Missing value imputation

Preprocessing data

Real world day often contains missing values. As part of the preprocessing step one common task is to handle missing values. This is a summary of the things to consider when preprocessing data.


In [1]:
#!/usr/bin/env python

import numpy as np
import pandas as pd
from sklearn import preprocessing
from sklearn.datasets import make_classification
from sklearn.model_selection import train_test_split
import matplotlib.pyplot as plt
%matplotlib inline
plt.style.use('bmh')

In [2]:
## create some data
X,y = make_classification(n_samples=50, n_features=5)
print(X.mean(axis=0))


[0.01186709 0.07328357 0.10226158 0.16595221 0.16894656]

Scaling


In [4]:
## make a train test split
X_train, X_test, y_train, y_test = train_test_split(X, y)

## scale using sklearn
scaler = preprocessing.StandardScaler().fit(X_train)
X_train_1 = scaler.transform(X_train)
X_test_1 = scaler.transform(X_test)

## scale without sklearn (just so you know what is happening)
X_train_2 = (X_train - X_train.mean(axis=0)) / X_train.std(axis=0)
X_test_2 = (X_test - X_train.mean(axis=0)) / X_train.std(axis=0)

## are they equal?
print(np.array_equal(X_train_1.mean(axis=0),X_train_2.mean(axis=0)))
print(np.array_equal(X_test_1.mean(axis=0),X_test_2.mean(axis=0)))


True
True

Missing Data Imputation

Missing data is a common problem in most real-world scientific datasets. While the best way for dealing with missing data will always be preventing their occurrence in the first place, it usually can't be helped, particularly when data are collected passively or voluntarily, or when data collection and recording is distributed among several people. There are a variety of ways for dealing with missing data, from the very naïve to the very sophisticated, and unfortunately the more common approaches tend to be ad hoc and will usually do more harm than good.

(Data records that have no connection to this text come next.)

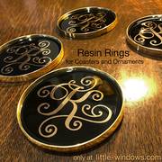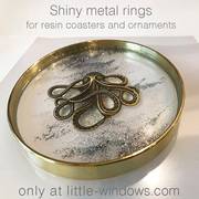 For this coaster I secured one of our metal Resin Rings for Coasters and Ornaments on a sheet of backer film, poured a layer of Brilliant Resin about 1/3 - 1/2 way up, allowed that to thicken for about 30 minutes, then added silver and opalescent glitter with my mixing wand, drawing it out from the center.
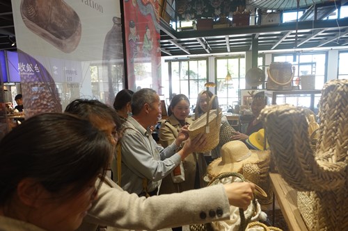 在自然造物·民艺研究中心,工作人员向学员详细展示了草编和藤编技艺和产品细节,产品陈列和选品等。学员们体会了这些精美的编织品背后的故事和历史,以及如何将这些传统的技艺融入现代生活中,感悟编织在新产品中的应用。
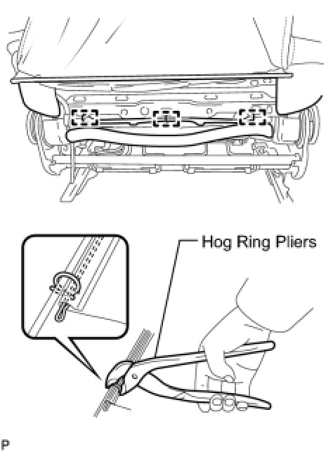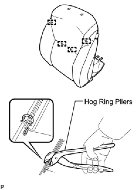 (a) Using hog ring pliers, install the separate type front seat cushion cover with 10 new hog rings.
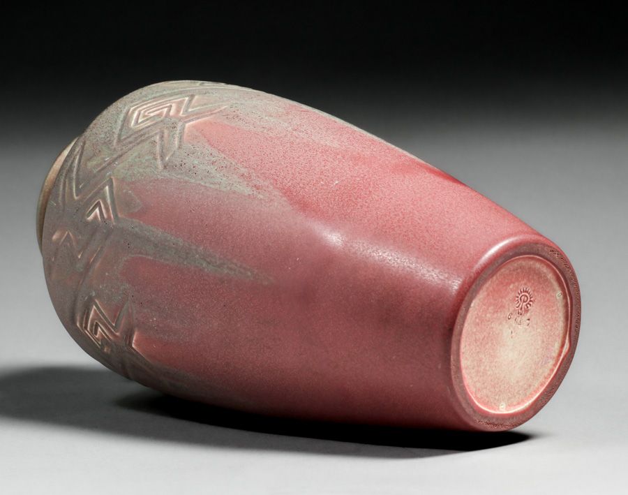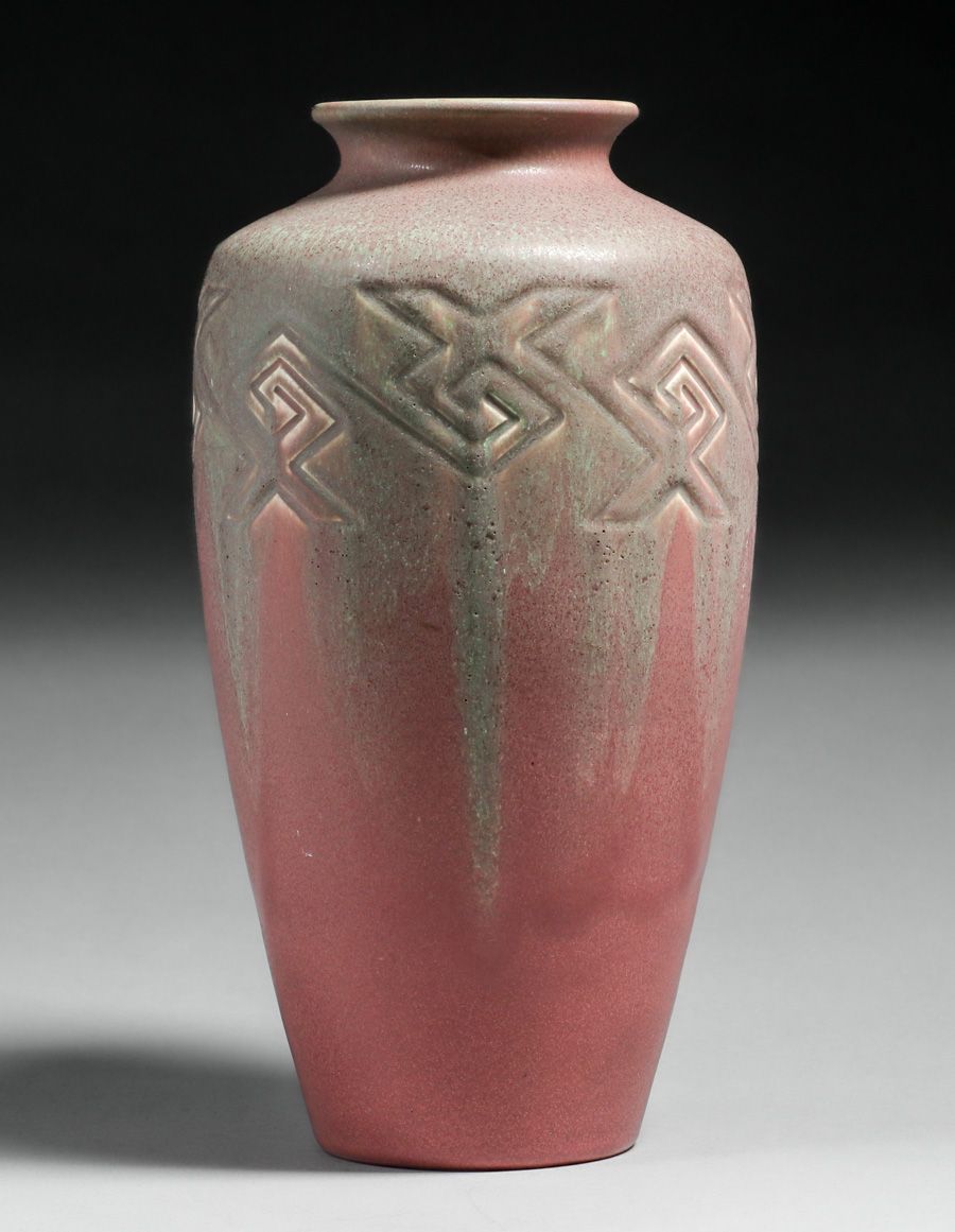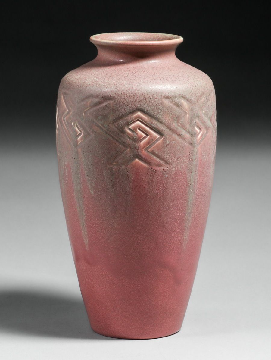 Rookwood Pottery #614C Incised Drip over Matte Pink Vase 1907. Signed. Perfect condition. 12.25"h x 6"d SOLD

It turns out that more robust methods for imputation are not as difficult to implement as they first appear to be. Two of the best ones are Bayesian imputation and multiple imputation. In this section, we will use multiple imputation to account for missing data in a regression analysis.

As a motivating example, we will use a dataset of educational outcomes for children with hearing impairment. Here, we are interested in determining factors that are associated with better or poorer learning outcomes.

There is a suite of available predictors, including:

  • gender (male)
  • number of siblings in the household (siblings)
  • index of family involvement (family_inv)
  • whether the primary household language is not English (non_english)
  • presence of a previous disability (prev_disab)
  • non-white race (non_white)
  • age at the time of testing (in months, age_test)
  • whether hearing loss is not severe (non_severe_hl)
  • whether the subject's mother obtained a high school diploma or better (mother_hs)
  • whether the hearing impairment was identified by 3 months of age (early_ident).

In [7]:
test_scores = pd.read_csv('test_scores.csv', index_col=0)
test_scores.head()


Out[7]:
score male siblings family_inv non_english prev_disab age_test non_severe_hl mother_hs early_ident non_white
0 40 0 2.0 2.0 False NaN 55 1.0 NaN False False
1 31 1 0.0 NaN False 0.0 53 0.0 0.0 False False
2 83 1 1.0 1.0 True 0.0 52 1.0 NaN False True
3 75 0 3.0 NaN False 0.0 55 0.0 1.0 False False
5 62 0 0.0 4.0 False 1.0 50 0.0 NaN False False

In [8]:
test_scores.info()


<class 'pandas.core.frame.DataFrame'>
Int64Index: 207 entries, 0 to 224
Data columns (total 11 columns):
score            207 non-null int64
male             207 non-null int64
siblings         207 non-null float64
family_inv       174 non-null float64
non_english      207 non-null bool
prev_disab       189 non-null float64
age_test         207 non-null int64
non_severe_hl    207 non-null float64
mother_hs        134 non-null float64
early_ident      207 non-null bool
non_white        207 non-null bool
dtypes: bool(3), float64(5), int64(3)
memory usage: 15.2 KB

In [9]:
test_scores.isnull().sum(0)


Out[9]:
score             0
male              0
siblings          0
family_inv       33
non_english       0
prev_disab       18
age_test          0
non_severe_hl     0
mother_hs        73
early_ident       0
non_white         0
dtype: int64

Strategies for dealing with missing data

Just ignore it

The easiest (and worst) way to deal with missing data is to ignore it. That is, simply run the analysis, missing values and all, hoping for the best. If your software is any good, this approach will simply not work; the algorithm will try to operate on data that includes missing values, and propagate them, resulting in statistics and estimates that cannot be calculated, which will typically raise errors. If your software is poor, it will make some assumption or decision about the missing values, and proceed to generate results conditional on the assumption, which creates problems that may never be detected because no indication was given to any potential problem.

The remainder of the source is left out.